A devastating article in The Atlantic details the life and death of an itinerant adjunct professor named Thea Hunter. Hunter, who was black, was educated at Columbia University and showed early promise in her field, the history of the early Americas, before spiraling down an increasingly unstable path. Race and class were factors but not in the most straightforward ways. Her father was an academic, and though she seems to have started her scholarly career later than usual—she only began Ph.D. work in 1994, when she was 38—she landed a tenure-track position at Western Connecticut in 2004. But she left that job two years later.
“She would often arrive on campus early, around 7:30, for office hours,” Adam Harris writes. “She would get settled into her office and sit down. She was a black woman in a largely empty building, and people would come by and inquire about whether she was the janitor. Then she would teach classes. Her students loved her, but their parents would call the school questioning whether she had a doctorate.”
Upset at such treatment, she quit and never quite recovered.
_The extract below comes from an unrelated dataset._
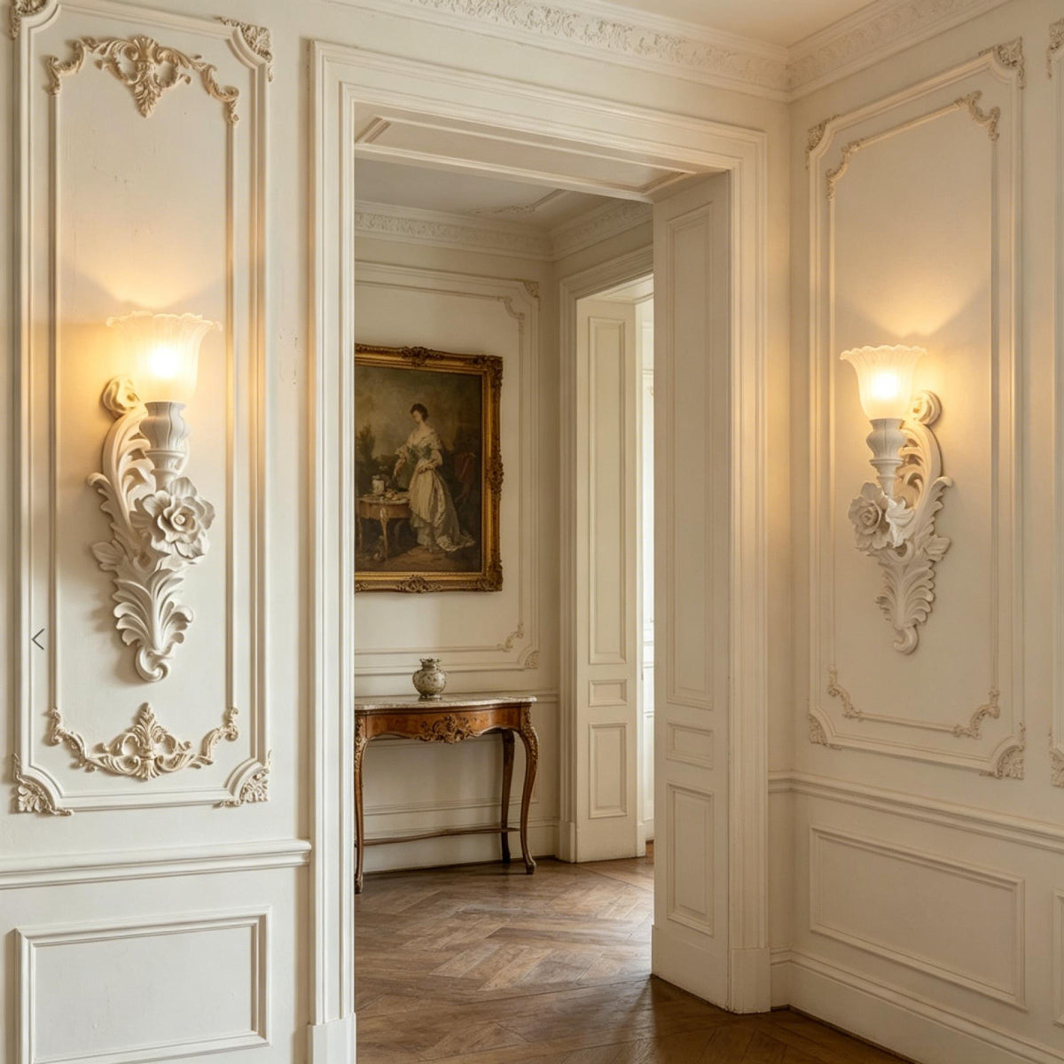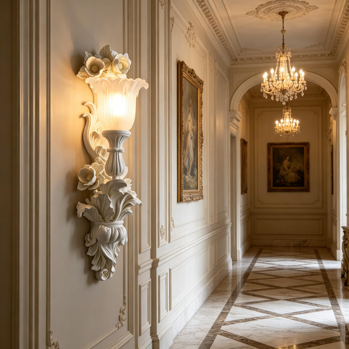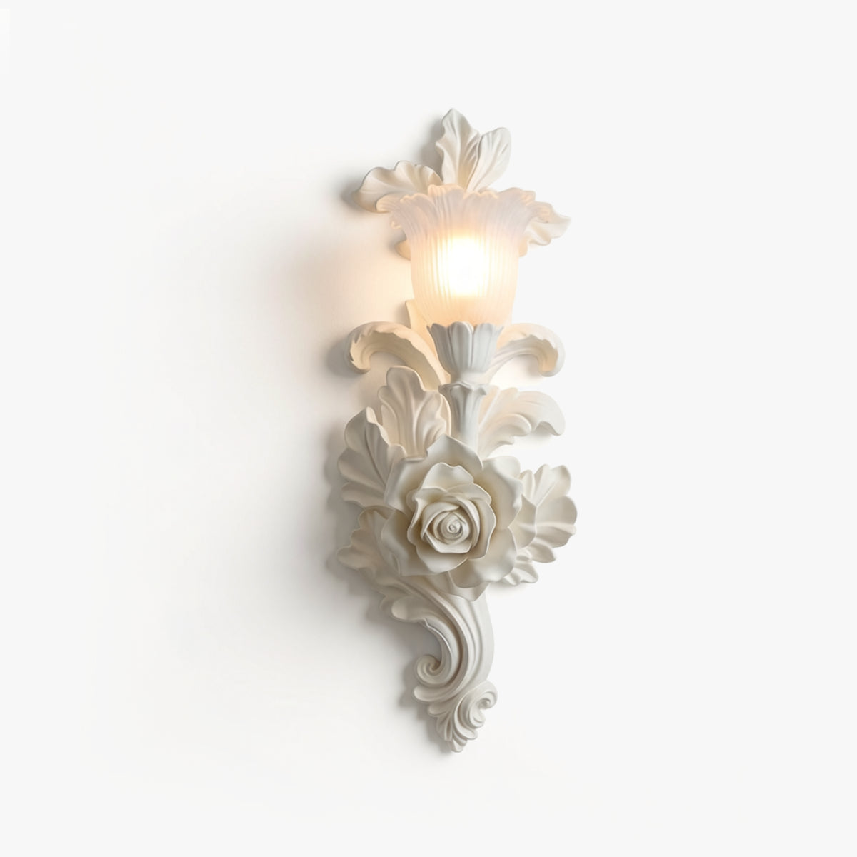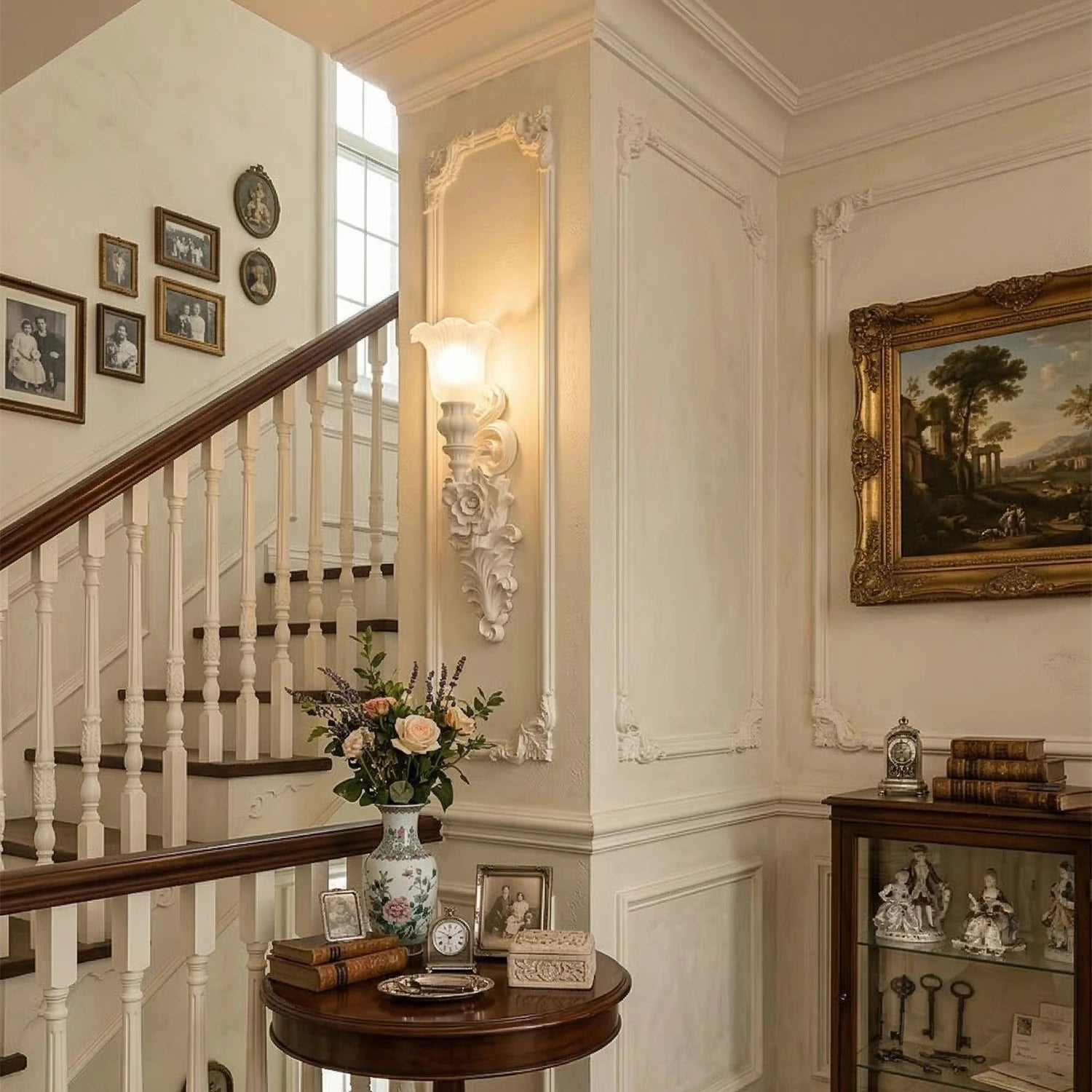 The Carved Flowers Plaster Wall Lamp features intricate three-dimensional rose, camellia, and cattail leaf patterns, all sculpted from high-quality gypsum. The layered petals are beautifully detailed, and the frosted glass lampshade adds elegance. The lamp is designed with a solid, crack-resistant structure, treated with a protective coating to prevent moisture and dust, ensuring long-lasting, vibrant white finishes.

Not wanting to leave the New York City area (she’d commuted to Connecticut from Manhattan), she limited the scope of her job applications and accepted temporary adjunct gigs that became more and more difficult to explain to prospective employers. The brutality and chaos of the adjunct system meant that she lacked access to proper health care. She was overworked and stressed, and when she died of organ damage, friends were left to wonder whether she might have survived in other circumstances. It went unstated in the article, but I also found myself reflecting on how significant it was that Hunter was unmarried, and the disproportionate extent to which this is an educated black woman’s fate.
This sad story reminded me—albeit in a more extreme way—of black friends and family who have also found themselves trapped on a bad-decision treadmill. Often it is difficult to isolate the one wrong move that proved decisive. Perhaps, my wife responded when I told her how disturbed the article had left me, the ability to consistently make “good” decisions is, paradoxically, itself a kind of good fortune.